To account for the win frequency effect, the ORL separately tracks win frequency as follows:

{EF}_{j} (t + 1) = {\begin{matrix} {EF}_{j} (t) + A_{rew} \cdot (sgn (x (t)) - {EF}_{j} (t)), & if x (t) \geq 0 \\ {EF}_{j} (t) + A_{pun} \cdot (sgn (x (t)) - {EF}_{j} (t)), & otherwise \end{matrix}

(8)

where EF_j(t) denotes the “expected outcome frequency”, A_rew (0 < A_rew < 1) and A_pun (0 < A_pun < 1) are learning rates shared with the expected value learning rule, and sgn(x(t)) returns 1, 0, or −1 for positive, 0, or negative outcome values on trial t, respectively. The ORL model also includes a reversal-learning component for EF_j (t). EF_j′ (t) refers to the expected outcome frequency of all unchosen decks j′ on trial t:

{EF}_{j^{'}} (t + 1) = {\begin{matrix} {EF}_{j^{'}} (t) + A_{pun} \cdot (\frac{- sgn (x (t))}{C} - {EF}_{j^{'}} (t)), & if x (t) \geq 0 \\ {EF}_{j^{'}} (t) + A_{rew} \cdot (\frac{- sgn (x (t))}{C} - {EF}_{j^{'}} (t)), & otherwise \end{matrix}

(9)

Here, the learning rates are shared from the expected value learning rule, and C is the number of possible alternative choices to chosen deck j. Note that when updating unchosen decks j′, the reward learning rate is used if the chosen outcome was negative and the punishment learning rate is used if the chosen outcome was positive. Because there are 4 possible choices in both versions of the IGT, there are always 3 possible alternative choices. Therefore, C is set to 3 in the current study. Note that if there were only a single alternative choice (e.g. simple two-choice tasks), C would be set to 1 and the frequency heuristic would reduce to a “double-updating” rule often used to model choice behavior in probabilistic reversal learning tasks (e.g., Gläscher, Hampton, & O'Doherty, 2009).⁴

The ORL model also employs a simple choice perseverance model to capture decision makers’ tendencies to stay or switch decks, irrespective to the outcome:

{PS}_{j} (t + 1) = {\begin{matrix} \frac{1}{1 + K}, & if D (t) = j \\ \frac{{PS}_{j} (t)}{1 + K}, & otherwise \end{matrix}

(10)

where K is determined by:

K = 3^{K^{'}} - 1

(11)

Here, PS_j (t) is the perseverance weight of deck j on trial t, and K is a decay parameter controlling how quickly decision makers forget their past deck choices. K′ is estimated ∈ [0,5], therefore K ∈ [0,242] (see equation 11). The above model implies that the perseverance weight of the chosen deck is set to 1 on each trial, and subsequently all perseverance weights decay exponentially before a choice is made on the next trial. We used this parameterization because it showed the best performance for estimating K compared to other parameterizations (e.g., PS_j (t + 1) = PS_j(t) × K). Low or high values for K suggest that decision makers remember long or short histories of their own deck selections, respectively.
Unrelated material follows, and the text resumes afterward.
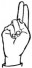 На ћирилици написано РАДОВАН ЦАПУРЕЛОВИЋ састоји се из 18 слова [?]. Исписано ћириличном једноручном азбуком за глувонеме: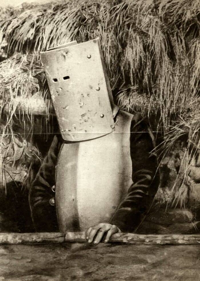 #21 A French Soldier Wearing A Kind Of Armour As Protection Against Flying Bullets Above The Trench. First World War, France, 1915

The ORL model assumes that value, frequency, and perseverance signals are integrated in a linear fashion to generate a single value signal for each deck:

V_{j} (t + 1) = {EV}_{j} (t + 1) + {EF}_{j} (t + 1) \cdot β_{F} + {PS}_{j} (t + 1) \cdot β_{P}

(12)

Here, β_F(− ∞ < β_F < ∞) and β_P (−∞ < β_P < ∞) are weights which reflect the effect of outcome frequency and perseverance on total value with respect to the expected value of each deck. Therefore, values for β_F less than or greater than 0 indicate that decision makers prefer decks with low or high win frequency, respectively. Additionally, values for β_P less than or greater than 0 indicate that decision makers prefer to switch or stay with recently chosen decks, respectively. Note that the expected value (EV) is a reference point which frequency and perseverance effects are evaluated against, so the ORL assumes that the “weight” of EV is equal to 1.

The ORL uses the same softmax function as the VPP to generate choice probabilities, except that the choice consistency/inverse temperature parameter (θ) is set to 1. We do not estimate choice consistency for the ORL due to parameter identifiability problems between θ, β_F, and β_P. Altogether, the ORL contains 5 free parameters (A_rew, A_pun, K, β_F, β_P).⁵

The ORL model will be added to hBayesDM, an easy-to-use R toolbox for computational modeling of a variety of different reinforcement learning and decision making models using hierarchical Bayesian analysis (Ahn, Haines, & Zhang, 2017). Additionally, all R codes used to preprocess, fit, simulate, and plot our results will be uploaded to our GitHub repository upon publication of this manuscript (https://github.com/CCS-Lab).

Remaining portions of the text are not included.